** EXERCISE INPUT follows **

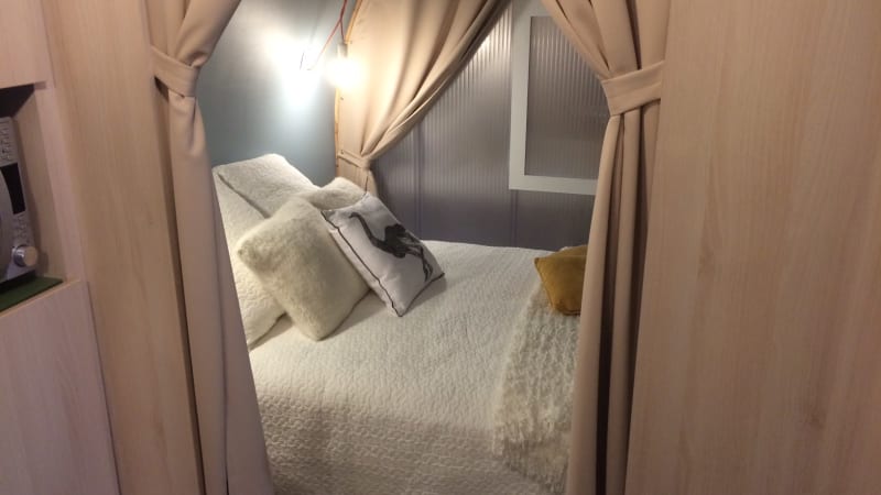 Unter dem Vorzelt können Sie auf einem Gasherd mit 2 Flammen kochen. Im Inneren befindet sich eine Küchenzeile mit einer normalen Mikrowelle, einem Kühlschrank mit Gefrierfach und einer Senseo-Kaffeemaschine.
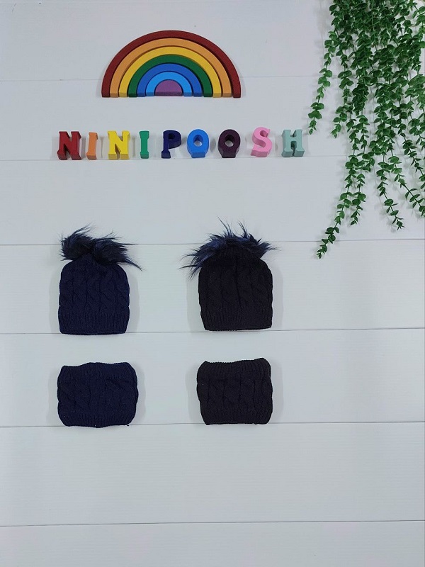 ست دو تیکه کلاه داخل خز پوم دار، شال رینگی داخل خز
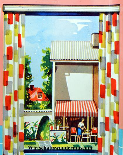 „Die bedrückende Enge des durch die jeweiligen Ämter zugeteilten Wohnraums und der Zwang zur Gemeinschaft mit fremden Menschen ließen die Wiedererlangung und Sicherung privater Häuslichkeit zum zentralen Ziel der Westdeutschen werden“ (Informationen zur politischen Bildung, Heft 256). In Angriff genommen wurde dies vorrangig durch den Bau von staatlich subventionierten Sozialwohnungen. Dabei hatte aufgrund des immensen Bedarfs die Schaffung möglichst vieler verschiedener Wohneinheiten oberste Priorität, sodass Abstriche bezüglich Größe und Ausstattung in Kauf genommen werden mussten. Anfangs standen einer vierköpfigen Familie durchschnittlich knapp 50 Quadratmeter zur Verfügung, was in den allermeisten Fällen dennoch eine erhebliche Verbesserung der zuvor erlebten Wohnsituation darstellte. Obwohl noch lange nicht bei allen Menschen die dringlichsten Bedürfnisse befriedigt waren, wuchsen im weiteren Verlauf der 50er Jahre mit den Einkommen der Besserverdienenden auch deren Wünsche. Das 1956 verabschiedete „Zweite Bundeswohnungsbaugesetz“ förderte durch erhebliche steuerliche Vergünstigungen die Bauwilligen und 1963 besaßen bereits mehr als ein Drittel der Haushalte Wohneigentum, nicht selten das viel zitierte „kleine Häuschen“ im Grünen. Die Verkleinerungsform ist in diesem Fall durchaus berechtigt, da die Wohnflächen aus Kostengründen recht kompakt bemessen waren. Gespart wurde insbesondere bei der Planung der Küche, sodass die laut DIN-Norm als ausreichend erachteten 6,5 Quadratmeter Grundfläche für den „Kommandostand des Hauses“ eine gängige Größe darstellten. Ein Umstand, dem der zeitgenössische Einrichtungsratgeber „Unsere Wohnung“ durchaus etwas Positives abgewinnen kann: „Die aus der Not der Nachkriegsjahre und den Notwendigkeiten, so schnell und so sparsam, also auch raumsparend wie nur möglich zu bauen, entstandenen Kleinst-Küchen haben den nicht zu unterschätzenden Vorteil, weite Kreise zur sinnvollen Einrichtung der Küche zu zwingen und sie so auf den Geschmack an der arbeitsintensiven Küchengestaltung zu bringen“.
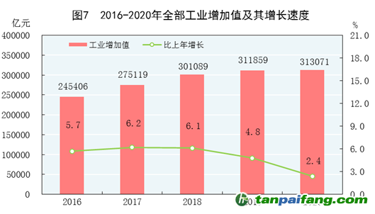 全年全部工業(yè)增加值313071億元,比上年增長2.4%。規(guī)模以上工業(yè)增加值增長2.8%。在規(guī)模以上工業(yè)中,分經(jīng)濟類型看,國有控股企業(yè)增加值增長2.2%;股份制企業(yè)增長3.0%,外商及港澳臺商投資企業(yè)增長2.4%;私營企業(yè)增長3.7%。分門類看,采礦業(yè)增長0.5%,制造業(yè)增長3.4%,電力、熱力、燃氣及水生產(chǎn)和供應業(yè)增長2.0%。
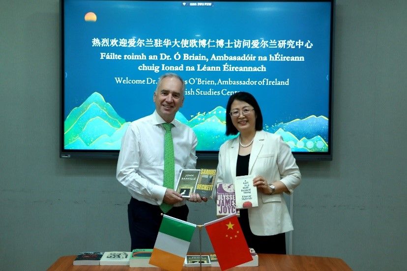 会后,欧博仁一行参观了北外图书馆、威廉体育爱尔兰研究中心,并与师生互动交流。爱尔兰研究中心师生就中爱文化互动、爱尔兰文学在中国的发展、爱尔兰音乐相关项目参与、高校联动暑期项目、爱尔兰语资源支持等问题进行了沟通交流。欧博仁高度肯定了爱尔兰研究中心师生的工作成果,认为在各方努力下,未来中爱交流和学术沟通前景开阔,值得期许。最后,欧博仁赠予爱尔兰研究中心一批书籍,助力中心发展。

** End of EXERCISE INPUT **

### WORK REQUEST
Output the records exactly, please. The pictures are not part of the copy.

### SOLUTION TO THE PROBLEM
 Unter dem Vorzelt können Sie auf einem Gasherd mit 2 Flammen kochen. Im Inneren befindet sich eine Küchenzeile mit einer normalen Mikrowelle, einem Kühlschrank mit Gefrierfach und einer Senseo-Kaffeemaschine.
 ست دو تیکه کلاه داخل خز پوم دار، شال رینگی داخل خز
 „Die bedrückende Enge des durch die jeweiligen Ämter zugeteilten Wohnraums und der Zwang zur Gemeinschaft mit fremden Menschen ließen die Wiedererlangung und Sicherung privater Häuslichkeit zum zentralen Ziel der Westdeutschen werden“ (Informationen zur politischen Bildung, Heft 256). In Angriff genommen wurde dies vorrangig durch den Bau von staatlich subventionierten Sozialwohnungen. Dabei hatte aufgrund des immensen Bedarfs die Schaffung möglichst vieler verschiedener Wohneinheiten oberste Priorität, sodass Abstriche bezüglich Größe und Ausstattung in Kauf genommen werden mussten. Anfangs standen einer vierköpfigen Familie durchschnittlich knapp 50 Quadratmeter zur Verfügung, was in den allermeisten Fällen dennoch eine erhebliche Verbesserung der zuvor erlebten Wohnsituation darstellte. Obwohl noch lange nicht bei allen Menschen die dringlichsten Bedürfnisse befriedigt waren, wuchsen im weiteren Verlauf der 50er Jahre mit den Einkommen der Besserverdienenden auch deren Wünsche. Das 1956 verabschiedete „Zweite Bundeswohnungsbaugesetz“ förderte durch erhebliche steuerliche Vergünstigungen die Bauwilligen und 1963 besaßen bereits mehr als ein Drittel der Haushalte Wohneigentum, nicht selten das viel zitierte „kleine Häuschen“ im Grünen. Die Verkleinerungsform ist in diesem Fall durchaus berechtigt, da die Wohnflächen aus Kostengründen recht kompakt bemessen waren. Gespart wurde insbesondere bei der Planung der Küche, sodass die laut DIN-Norm als ausreichend erachteten 6,5 Quadratmeter Grundfläche für den „Kommandostand des Hauses“ eine gängige Größe darstellten. Ein Umstand, dem der zeitgenössische Einrichtungsratgeber „Unsere Wohnung“ durchaus etwas Positives abgewinnen kann: „Die aus der Not der Nachkriegsjahre und den Notwendigkeiten, so schnell und so sparsam, also auch raumsparend wie nur möglich zu bauen, entstandenen Kleinst-Küchen haben den nicht zu unterschätzenden Vorteil, weite Kreise zur sinnvollen Einrichtung der Küche zu zwingen und sie so auf den Geschmack an der arbeitsintensiven Küchengestaltung zu bringen“.
 全年全部工業(yè)增加值313071億元,比上年增長2.4%。規(guī)模以上工業(yè)增加值增長2.8%。在規(guī)模以上工業(yè)中,分經(jīng)濟類型看,國有控股企業(yè)增加值增長2.2%;股份制企業(yè)增長3.0%,外商及港澳臺商投資企業(yè)增長2.4%;私營企業(yè)增長3.7%。分門類看,采礦業(yè)增長0.5%,制造業(yè)增長3.4%,電力、熱力、燃氣及水生產(chǎn)和供應業(yè)增長2.0%。
 会后,欧博仁一行参观了北外图书馆、威廉体育爱尔兰研究中心,并与师生互动交流。爱尔兰研究中心师生就中爱文化互动、爱尔兰文学在中国的发展、爱尔兰音乐相关项目参与、高校联动暑期项目、爱尔兰语资源支持等问题进行了沟通交流。欧博仁高度肯定了爱尔兰研究中心师生的工作成果,认为在各方努力下,未来中爱交流和学术沟通前景开阔,值得期许。最后,欧博仁赠予爱尔兰研究中心一批书籍,助力中心发展。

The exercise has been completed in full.